1007 Pawlowia

Discovery
- Discovered by: V. Albitzkij
- Discovery site: Simeiz Obs.
- Discovery date: 5 October 1923

Designations
- Named after: Ivan Pavlov (Russian physiologist)
- Alternative designations: 1923 OX · 1934 FE 1954 UG_{1} · 1956 AK
- Minor planet category: main-belt · (middle) background

Orbital characteristics
- Epoch 4 September 2017 (JD 2458000.5)
- Uncertainty parameter 0
- Observation arc: 110.93 yr (40,516 days)
- Aphelion: 3.0098 AU
- Perihelion: 2.4048 AU
- Semi-major axis: 2.7073 AU
- Eccentricity: 0.1117
- Orbital period (sidereal): 4.45 yr (1,627 days)
- Mean anomaly: 25.348°
- Mean motion: 0° 13^{m} 16.68^{s} / day
- Inclination: 2.5423°
- Longitude of ascending node: 307.12°
- Argument of perihelion: 77.226°

Physical characteristics
- Dimensions: 18.264±0.090 km 19.263±0.062 km 20.47±7.78 km 20.83±5.50 km 24.13±0.47 km 32.03 km (calculated)
- Synodic rotation period: 8.23 h
- Geometric albedo: 0.057 (assumed) 0.080±0.004 0.11±0.06 0.11±0.08 0.1200±0.0233 0.145±0.012
- Spectral type: SMASS = K
- Absolute magnitude (H): 11.20 · 11.3 · 11.39 · 11.50

= 1007 Pawlowia =

Asteroid

Pawlowia (minor planet designation: 1007 Pawlowia), provisional designation , is a background asteroid from the central regions of the asteroid belt, approximately 20 kilometers in diameter. It was discovered on 5 October 1923, by Soviet astronomer Vladimir Albitsky at the Simeiz Observatory on the Crimean peninsula. The asteroid was named after Russian physiologist and Nobelist Ivan Pavlov.

== Orbit and classification ==

Pawlowia is a non-family asteroid from the main belt's background population. It orbits the Sun in the central asteroid belt at a distance of 2.4–3.0 AU once every 4 years and 5 months (1,627 days; semi-major axis of 2.71 AU). Its orbit has an eccentricity of 0.11 and an inclination of 3° with respect to the ecliptic.

The asteroid was first imaged on a precovery taken at Lowell Observatory in December 1906. The body's observation arc begins at Simeiz on 30 October 1925, or 25 days after its official discovery observation (discovery record not listed).

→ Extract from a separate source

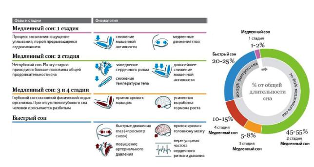 Фаза быстрого сна занимает около 20-25 процентов всего сна и наступает примерно через 90 минут после засыпания. Во время стандартного 8-ми часового сна фаза быстрого сна наступает от 3 до 5 раз.

== Physical characteristics ==

In the SMASS classification, Pawlowia is a K-type asteroid, which are common among members of the Eos family and known for their intermediate albedo.

=== Rotation period ===

In September 2003, a tentative rotational lightcurve of Pawlowia was obtained from photometric observations by American Maurice Clark at the Bucknell and Rosemary Hill Observatory in Pennsylvania and Florida, respectively. Analysis of the essentially flat lightcurve gave a poorly rated rotation period of 8.23 hours with a brightness amplitude of at least 0.02 magnitude (U=1). As of 2018, no secure period has been obtained.

=== Diameter and albedo ===

According to the surveys carried out by the Japanese Akari satellite and the NEOWISE mission of NASA's Wide-field Infrared Survey Explorer, Pawlowia measures between 18.264 and 24.13 kilometers in diameter and its surface has an albedo between 0.080 and 0.145.

The Collaborative Asteroid Lightcurve Link assumes a standard albedo for carbonaceous asteroids of 0.057 and consequently calculates a much larger diameter of 32.03 kilometers based on an absolute magnitude of 11.2.

== Naming ==

This minor planet was named after Russian biologist Ivan Pavlov (1849–1936), who was awarded the Nobel Prize in Physiology or Medicine in 1904 (see list of laureates). Pavlov is best known for his research on classical conditioning (Pavlov's dog).

The official naming citation was mentioned in The Names of the Minor Planets by Paul Herget in 1955 (H 96). The lunar crater Pavlov was also named in his honor.